Paper No. 23
Presentation Time: 2:30 PM

GEOLOGY, GEOMORPHOLOGY AND TECTONIC EVOLUTION OF THE LATE CENOZOIC, TRANSTENSIONAL AKSU SEDIMENTARY BASIN, SW ANATOLIA – TURKEY


KAYA, Ersin, Geology & Environmental Earth Science, Miami University, Shideler Hall, Paterson Avenue, Oxford, OH 45056 and DILEK, Yildirim, Department of Geology & Environmental Earth Science, Miami University, Culler Hall, Spring Street, Oxford, Ohio, OH 45056, kayae@miamioh.edu

A series of ~NNW–SSE-trending, subparallel late Cenozoic sedimentary basins are nested within the Isparta Angle and the Anamas–Akseki platform in southern Anatolia. The Aksu Basin (AB), 80-km-long and 6- to 10-km-wide, represents a transtensional, intracontinental depocenter that is currently drained by the modern Aksu River. The landscape and the geology of the AB have been shaped by aggradation and incision of the Aksu River since the early Pliocene. The middle Miocene clastic sedimentary rocks contain abundant limestone and chert–dolerite pebbles, derived from the Triassic rift-drift sequences exposed in the Anamas-Akseki platform to the east.
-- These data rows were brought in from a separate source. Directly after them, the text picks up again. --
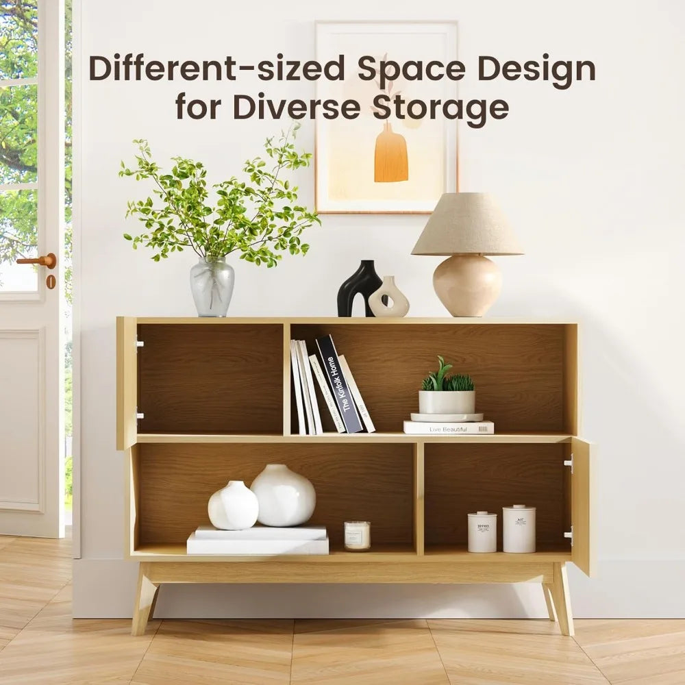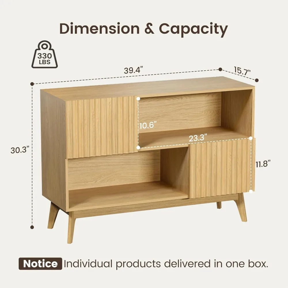 - Multifunctional Cabinet - This cabinet features 2 hidden storage area (16.1"W) and 2 open shelves (23.3"W), making it an excellent choice for multi-functional furniture such as accent cabinet, buffet cabinet, sideboard, entryway cabinet, etc., giving you the flexibility to customize your storage needs to your preferences. The elegant design makes it easy to fit into any living room, dining room, or other room, adding to the beauty of the space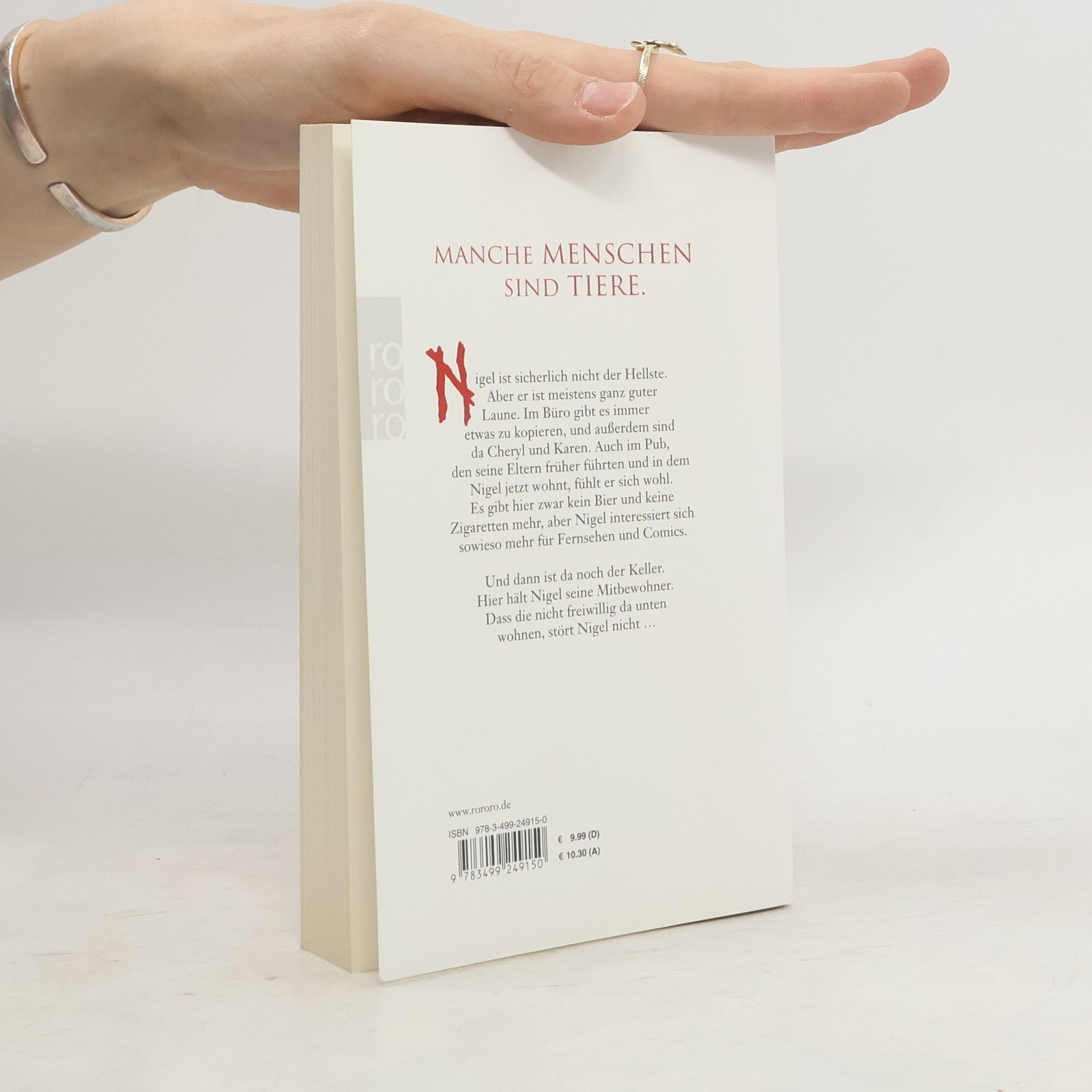 Manche Menschen sind Tiere.Nigel ist sicherlich nicht der Hellste. Aber er ist meistens ganz guter Laune. Im Büro gibt es immer etwas zu kopieren, und außerdem sind da Cheryl und Karen. Auch im Pub, den seine Eltern früher führten und in dem Nigel jetzt wohnt, fühlt er sich wohl. Es gibt hier zwar kein Bier und keine Zigaretten mehr, aber Nigel interessiert sich sowieso mehr für Fernsehen und Comics.Und dann ist da noch der Keller. Hier hält Nigel seine Mitbewohner. Dass die nicht freiwillig da unten wohnen, stört Nigel nicht …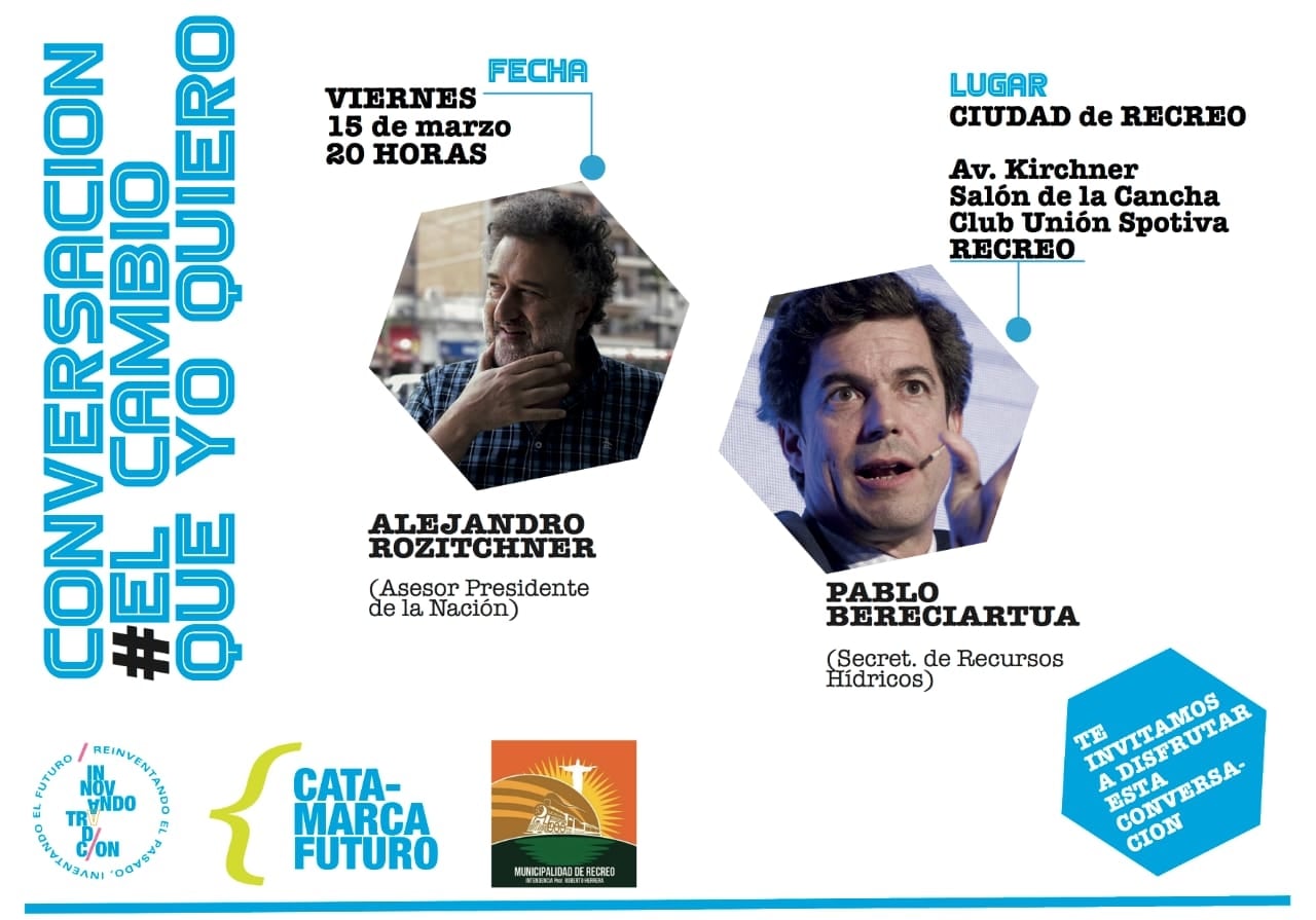 Bajo el lema "El Cambio Que Yo Quiero", Pablo Bereciartua, secretario de Recursos Hídricos y el asesor del presidente de la Nación, Alejandro Rozitchner, buscan participarán de una charla con los vecinos de Recreo que se muestren interesados en aportar sus inquietudes y perspectivas para mejorar el departamento.

These rocks are locally folded around NW–SE-trending fold axes. Shallow water to lacustrine limestone, marl, calcareous sandstone and tuffaceous siltstone-sandstone become progressively widespread in the Pliocene strata. They display ENE–WSW-oriented, steeply dipping, oblique normal faults, indicating a NNW–SSE-directed and dominantly tensional stress regime across the AB. Extensive distribution of fanglomerates and fluvial terrace deposits in the Pleistocene sequence points to accelerated transtensional tectonic activities along the edges of the AB and strong downcutting within the fluvial channels. We recognize in the AB the existence of two major subbasins, Gediz–Yenimahalle in the north and Aksu–Çalkaya in the south, in which lacustrine to fluvial deposits with numerous extensional normal faults occur. There is no structural evidence for contractional deformation in the post-Miocene sequences within the AB. Extensive tufa deposits to the north and in the city of Antalya are the youngest rocks bordering the AB to the SW, and form a series of subhorizontal terrace surfaces descending into the Aksu River Valley. Both the Antalya Tufa deposits and the AB continue offshore into the Bay of Antalya in the south in an asymmetric graben system with southward sediment transport. We discuss the structural architecture and tectonic evolution of the AB within the regional tectonic framework of the eastern Mediterranean region.